■ Brief
Please restate exactly the lines from the one holding "Náhrdelník TPSN100G je" to the end of the material, including both ends and excluding every picture.

■ Recorded information
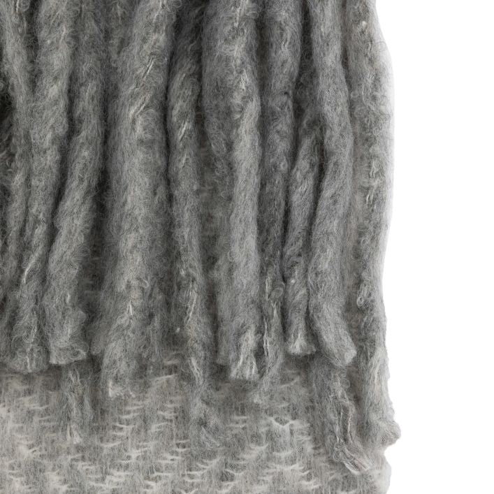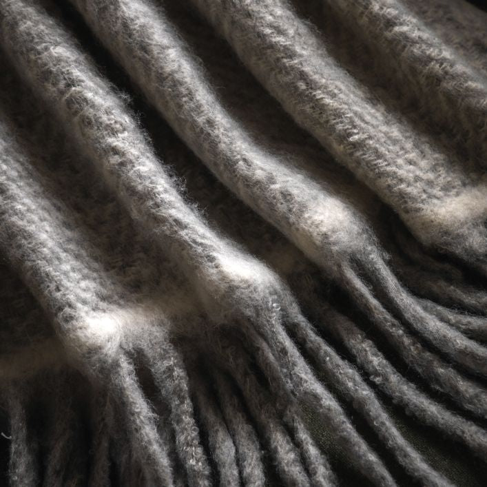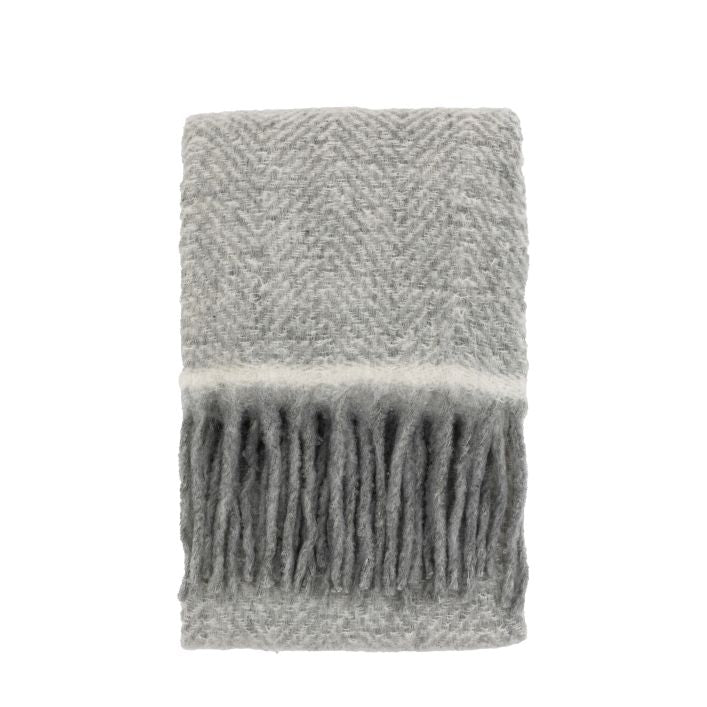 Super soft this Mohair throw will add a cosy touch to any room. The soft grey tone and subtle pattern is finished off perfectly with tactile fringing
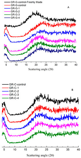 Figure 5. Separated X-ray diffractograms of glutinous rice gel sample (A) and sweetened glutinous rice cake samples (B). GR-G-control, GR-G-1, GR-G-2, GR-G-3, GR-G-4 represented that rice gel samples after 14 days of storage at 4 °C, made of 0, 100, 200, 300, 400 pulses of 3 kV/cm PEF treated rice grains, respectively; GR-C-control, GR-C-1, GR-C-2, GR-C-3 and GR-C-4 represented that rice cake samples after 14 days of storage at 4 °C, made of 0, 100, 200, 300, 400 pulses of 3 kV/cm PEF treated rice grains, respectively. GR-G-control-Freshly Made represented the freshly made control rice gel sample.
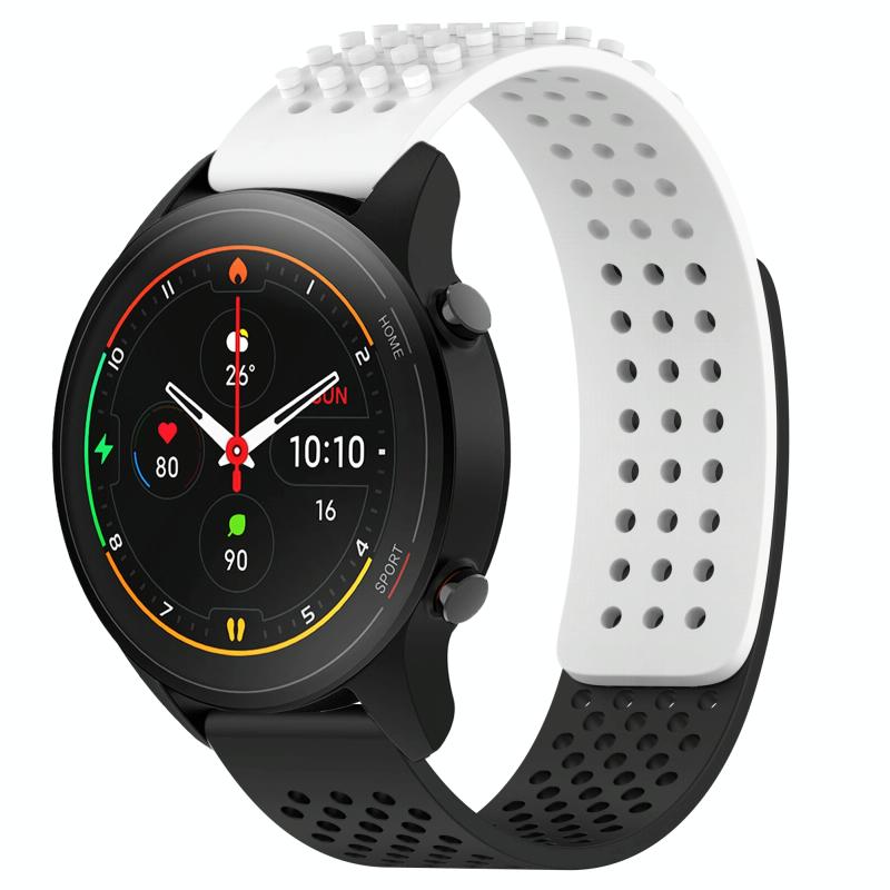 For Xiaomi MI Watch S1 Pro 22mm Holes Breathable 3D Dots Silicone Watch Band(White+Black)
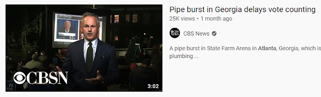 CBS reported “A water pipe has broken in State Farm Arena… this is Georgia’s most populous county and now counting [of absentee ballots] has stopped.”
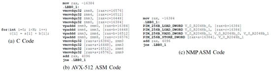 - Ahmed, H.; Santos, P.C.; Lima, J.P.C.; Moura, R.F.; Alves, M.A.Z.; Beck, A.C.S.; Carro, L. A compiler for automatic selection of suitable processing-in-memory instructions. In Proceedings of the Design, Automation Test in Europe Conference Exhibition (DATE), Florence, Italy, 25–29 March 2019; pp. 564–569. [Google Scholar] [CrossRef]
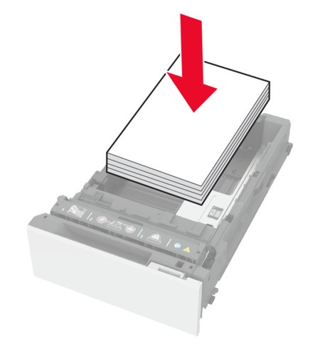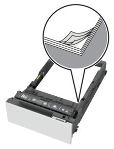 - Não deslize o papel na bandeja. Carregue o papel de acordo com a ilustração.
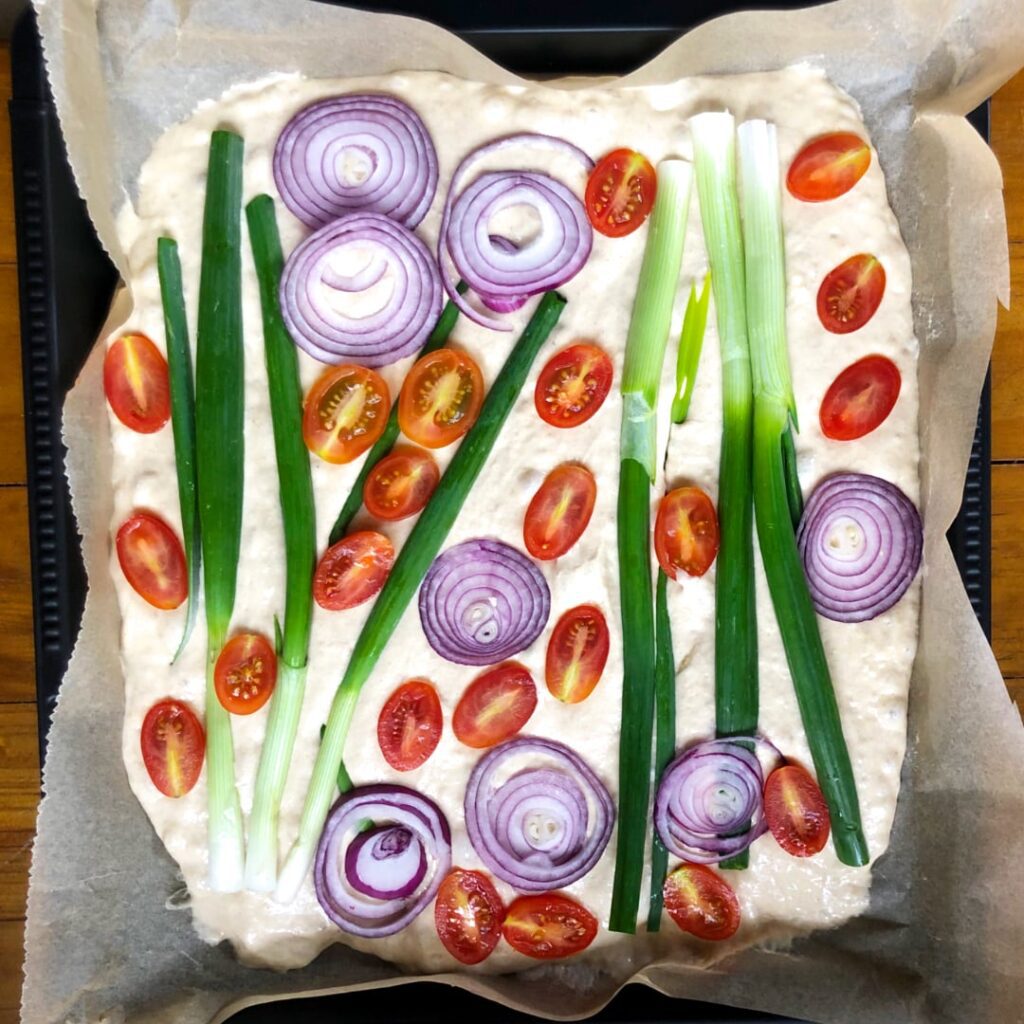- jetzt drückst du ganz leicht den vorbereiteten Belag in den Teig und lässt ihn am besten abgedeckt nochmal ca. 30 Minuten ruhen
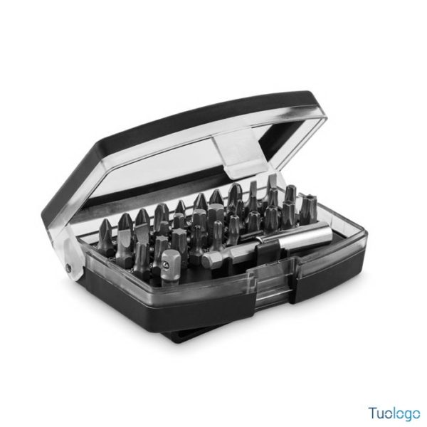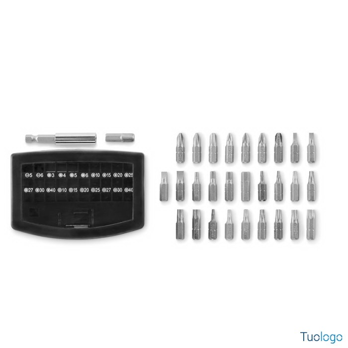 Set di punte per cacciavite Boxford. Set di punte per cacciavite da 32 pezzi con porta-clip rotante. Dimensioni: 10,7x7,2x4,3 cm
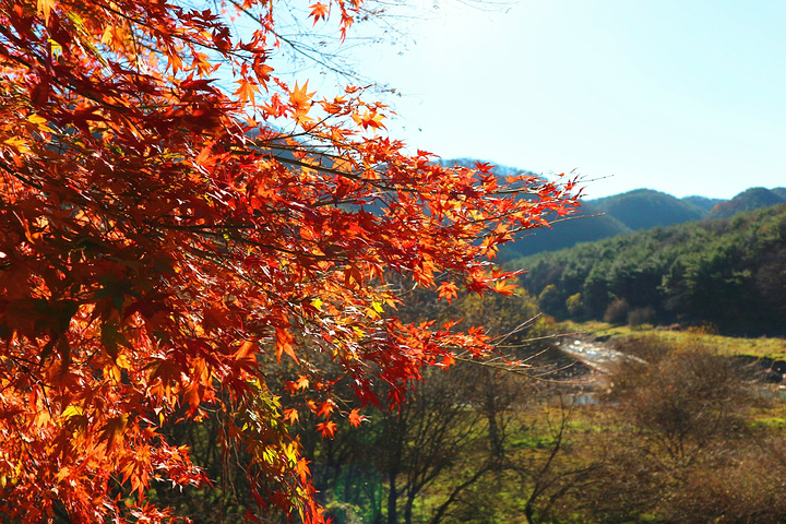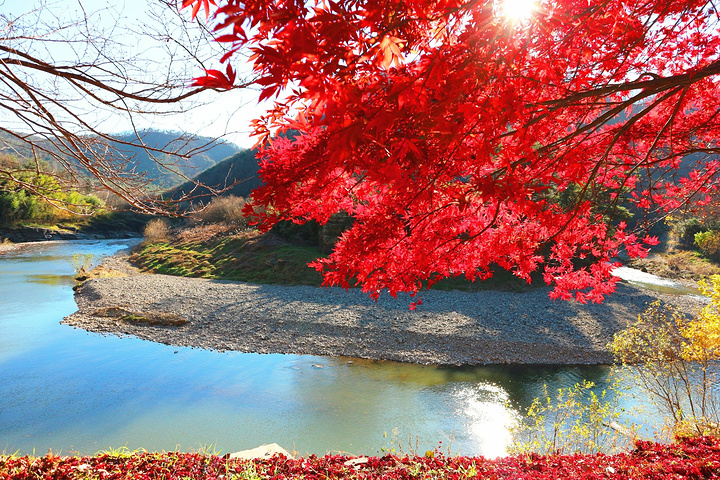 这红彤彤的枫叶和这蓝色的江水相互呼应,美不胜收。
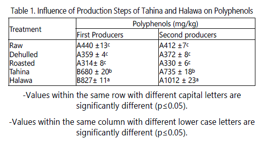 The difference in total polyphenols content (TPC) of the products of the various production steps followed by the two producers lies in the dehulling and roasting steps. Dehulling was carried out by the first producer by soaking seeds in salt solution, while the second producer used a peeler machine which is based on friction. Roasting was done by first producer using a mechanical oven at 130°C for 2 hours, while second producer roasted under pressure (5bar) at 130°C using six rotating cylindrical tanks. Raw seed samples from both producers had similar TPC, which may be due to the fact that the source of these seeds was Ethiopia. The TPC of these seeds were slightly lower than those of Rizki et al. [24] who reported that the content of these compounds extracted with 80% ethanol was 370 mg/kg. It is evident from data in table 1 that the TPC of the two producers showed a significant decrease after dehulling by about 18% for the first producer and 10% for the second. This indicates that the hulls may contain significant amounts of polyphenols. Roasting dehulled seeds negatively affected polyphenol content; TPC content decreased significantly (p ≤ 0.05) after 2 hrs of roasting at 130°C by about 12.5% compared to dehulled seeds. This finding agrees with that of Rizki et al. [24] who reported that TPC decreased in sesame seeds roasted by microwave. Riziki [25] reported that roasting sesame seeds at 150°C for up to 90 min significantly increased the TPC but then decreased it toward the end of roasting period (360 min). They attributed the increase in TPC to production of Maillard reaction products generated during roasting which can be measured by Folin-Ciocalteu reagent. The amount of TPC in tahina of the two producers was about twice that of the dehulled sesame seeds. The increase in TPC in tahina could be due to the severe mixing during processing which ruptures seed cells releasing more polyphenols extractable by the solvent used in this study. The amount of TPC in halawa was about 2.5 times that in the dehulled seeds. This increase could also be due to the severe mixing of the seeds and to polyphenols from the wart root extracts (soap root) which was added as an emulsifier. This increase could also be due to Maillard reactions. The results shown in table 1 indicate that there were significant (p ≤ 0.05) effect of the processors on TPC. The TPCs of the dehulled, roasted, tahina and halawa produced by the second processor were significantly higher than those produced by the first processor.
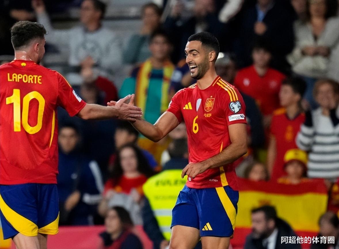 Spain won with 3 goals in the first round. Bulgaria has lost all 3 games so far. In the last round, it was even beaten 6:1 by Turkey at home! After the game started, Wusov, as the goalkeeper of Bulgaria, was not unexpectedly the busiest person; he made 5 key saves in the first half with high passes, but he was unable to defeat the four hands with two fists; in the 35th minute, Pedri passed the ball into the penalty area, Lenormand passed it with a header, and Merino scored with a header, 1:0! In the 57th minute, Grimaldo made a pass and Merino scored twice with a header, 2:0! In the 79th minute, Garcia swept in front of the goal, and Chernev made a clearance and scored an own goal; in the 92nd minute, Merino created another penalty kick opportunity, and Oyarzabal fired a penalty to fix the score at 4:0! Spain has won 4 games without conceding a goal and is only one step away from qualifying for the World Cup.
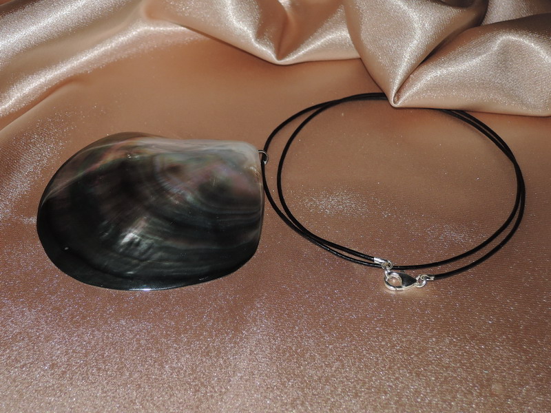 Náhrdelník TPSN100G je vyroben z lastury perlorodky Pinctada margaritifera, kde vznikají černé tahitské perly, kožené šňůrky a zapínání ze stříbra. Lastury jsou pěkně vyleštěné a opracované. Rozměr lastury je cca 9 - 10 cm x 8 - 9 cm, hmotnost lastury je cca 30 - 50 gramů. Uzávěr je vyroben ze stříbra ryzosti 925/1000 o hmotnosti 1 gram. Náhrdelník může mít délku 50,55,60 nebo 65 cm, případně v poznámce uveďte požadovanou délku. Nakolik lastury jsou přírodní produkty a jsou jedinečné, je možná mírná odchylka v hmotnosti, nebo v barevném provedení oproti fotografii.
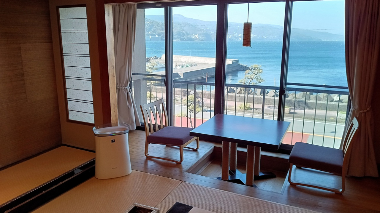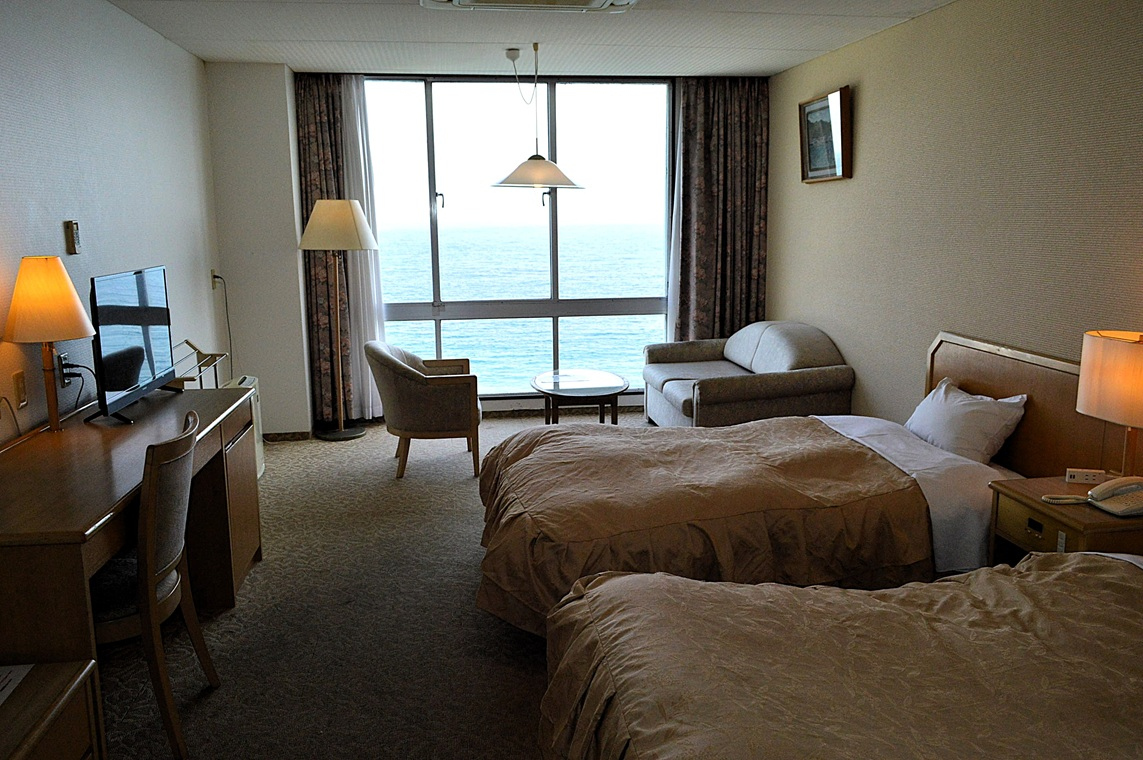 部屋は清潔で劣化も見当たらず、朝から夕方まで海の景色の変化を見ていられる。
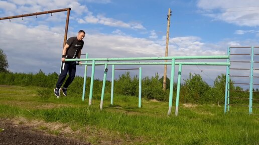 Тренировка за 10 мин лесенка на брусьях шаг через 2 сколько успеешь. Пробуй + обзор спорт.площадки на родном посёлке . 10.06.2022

■ Answer to the problem
 Náhrdelník TPSN100G je vyroben z lastury perlorodky Pinctada margaritifera, kde vznikají černé tahitské perly, kožené šňůrky a zapínání ze stříbra. Lastury jsou pěkně vyleštěné a opracované. Rozměr lastury je cca 9 - 10 cm x 8 - 9 cm, hmotnost lastury je cca 30 - 50 gramů. Uzávěr je vyroben ze stříbra ryzosti 925/1000 o hmotnosti 1 gram. Náhrdelník může mít délku 50,55,60 nebo 65 cm, případně v poznámce uveďte požadovanou délku. Nakolik lastury jsou přírodní produkty a jsou jedinečné, je možná mírná odchylka v hmotnosti, nebo v barevném provedení oproti fotografii.
 部屋は清潔で劣化も見当たらず、朝から夕方まで海の景色の変化を見ていられる。
 Тренировка за 10 мин лесенка на брусьях шаг через 2 сколько успеешь. Пробуй + обзор спорт.площадки на родном посёлке . 10.06.2022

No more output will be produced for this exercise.